Using crime data & spatial analysis to assess home insurance risk

In this tutorial, we'll be using individual crime location data to create a crime risk index. This analysis is really helpful for insurers looking to make more intelligent policy decisions - from customized pricing of premiums to tailored marketing.

You will need...

  • Crime location data. We are using Los Angeles city (data available here) and Santa Monica city (data available here). Most local governments provide this data as open data, so you should be able to easily adapt this tutorial for your area of interest.

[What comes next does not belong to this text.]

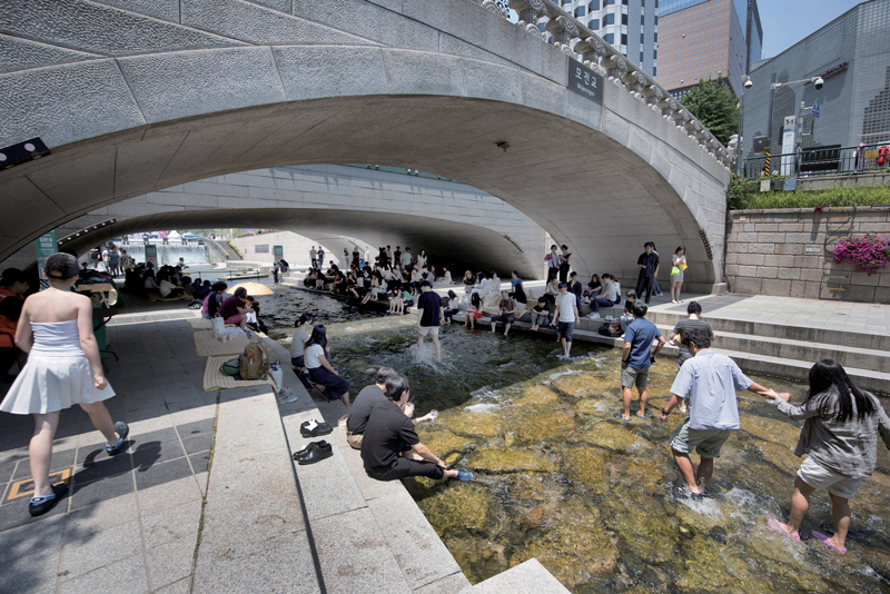 폭우와 폭염이 교차하는 극단적 여름이 시작됐다. 6월19일 서울의 낮 최고기온이 34도까지 오르는 등 ‘찜통 더위’가 계속되고 있다. 장맛비에도 무더위가 지속되면서 체감온도도 최고 33도까지 올라갔다. 여름이 뿜어내는 열기에 지친 시민들은 서울 청계천에서 진행된 ‘물 첨벙첨벙 축제’에 참가해 발을 물속에 담그며 더위를 식혔다.서울 광화문광장 터널분수를 찾은 시민과 외국인들은 시원한 물줄기 속에서 물놀이를 즐겼다.올해 폭염은 평년보다 더 덥고, 더 길 것으로 예상된다. 각 지방자치단체가 폭염과 수해를 피하기 위한 대책을 10월까지 추

  • Detailed Population data. We are using USA 1km WorldPop data, which you can subscribe to via our Spatial Data Catalog.


Step 1: Sourcing & loading crime data

We’ll be basing our analysis on crime data for two adjacent locations; Los Angeles city (data available here) and Santa Monica city (data available here).

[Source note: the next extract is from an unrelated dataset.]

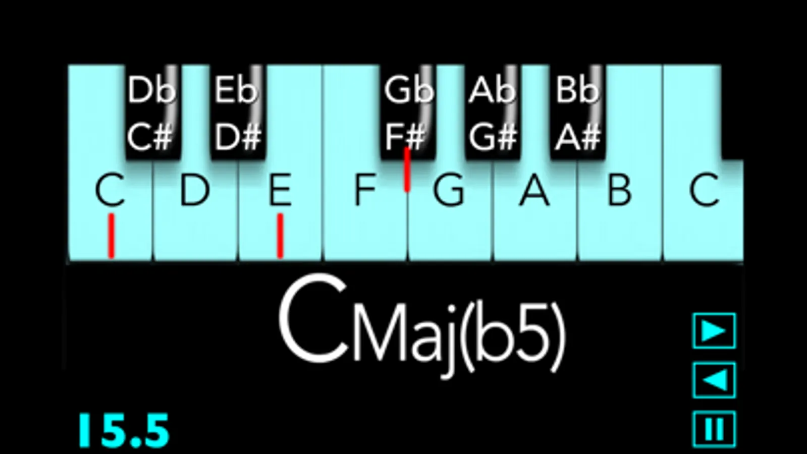 - On quizzes 11 to 15 you will listen the studied chords and you will see several choices expressed in the Anglo-Saxon music notation system. You have to click on the choice that corresponds to the chord that you heard.
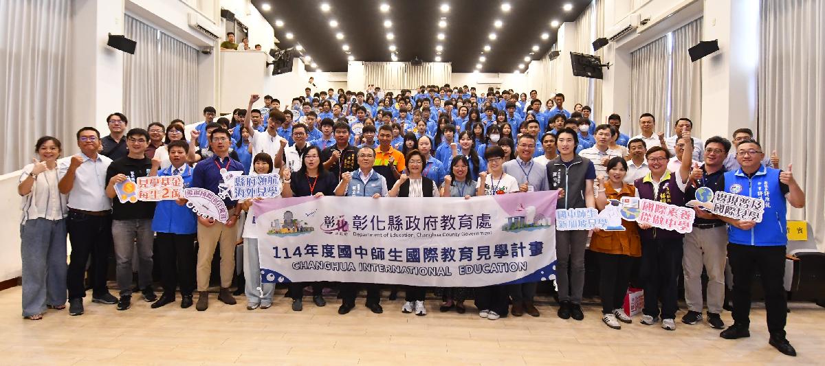 彰化縣政府今(12)日上午在彰化藝術高中展翼館舉辦首屆「國中師生國際教育見學授旗典禮」,由縣長王惠美授旗,祝福即將啟程前往新加坡中華中學的136位國中九年級學生及8位隨隊教師,展開一場為時多日的跨國學習之旅。王縣長表示,「讀萬卷書,不如行萬里路」,即將前往新加坡的優秀學子都是校內佼佼者,是彰化的驕傲,也是推動國民外交的種子。期許學生發揮所長、敞開心胸、用心學習,將所見所聞帶回校園、回饋社會,成為推動國際教育的關鍵力量。

Our first step is to load this data into our data warehouse. To do this, head to the Data Explorer tab of your CARTO Workspace and select Import data, then follow the steps to import the two tables. For this dataset we are going to deselect the Let CARTO automatically define the schema option on Schema Preview so we can manually select the correct data types for each field. In this example, you want to be sure that latitude and longitude are defined as the type float.


Step 2: Creating a crime index

Now the data is loaded into our data warehouse, we’ll convert the crime locations into a hexagonal Spatial Index called H3. Note this process can be used to convert any point dataset into a H3 Index.

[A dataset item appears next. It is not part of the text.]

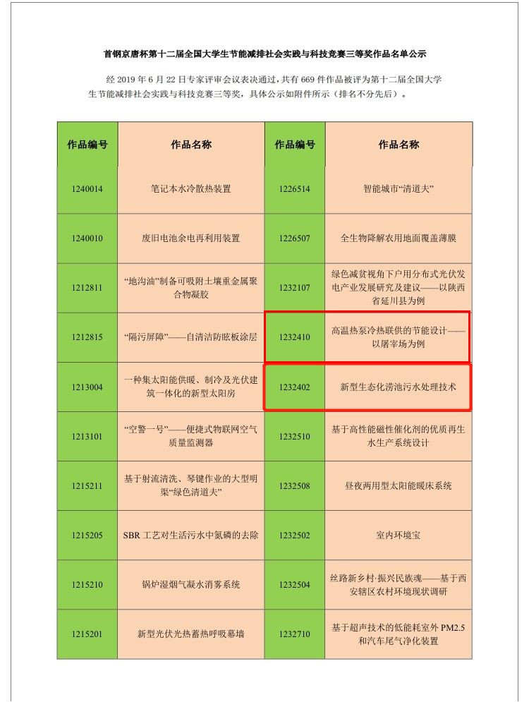 第十二届全国大学生节能减排社会实践与科技竞赛网评环节于近日落下帷幕。万博官网能源与建筑学院学生吴瑞等报送的《高温热泵冷热联供的节能设计——以屠宰场为例》和杨睿等报送的《新型生态化涝池污水处理技术》两项作品成功入围,荣获国家级三等奖,取得了万博官网在该类竞赛上的历史性突破。

This workflow is comprised of the following steps:

  • First, drag your source crime data onto the canvas.

  • A Custom SQL Select first filters both input datasets so that they cover the same time period (we’ll use the last three full years - 2020, 2021 & 2022) and only crimes related to property risk (property damage, theft, arson etc) - you can use the code below as a basis for this, but may need to modify it if you are using different source data.

SELECT
  latitude AS lat,
  longitude AS lon
FROM
  $a
WHERE
  (DATE_OCCURRED LIKE '%2020%'
    OR DATE_OCCURRED LIKE '%2021%'
    OR DATE_OCCURRED LIKE '%2022%')
  AND UCR_DESCRIPTION IN ('Recv/Poss Stolen Property',
    'Larceny - From Vehicle',
    'Burglary-Force Non-Resd',
    'Burglary-Force Resd'...)
  • Union All merges the two input tables together.

  • ST_GeogPoint creates a point geometry for each crime.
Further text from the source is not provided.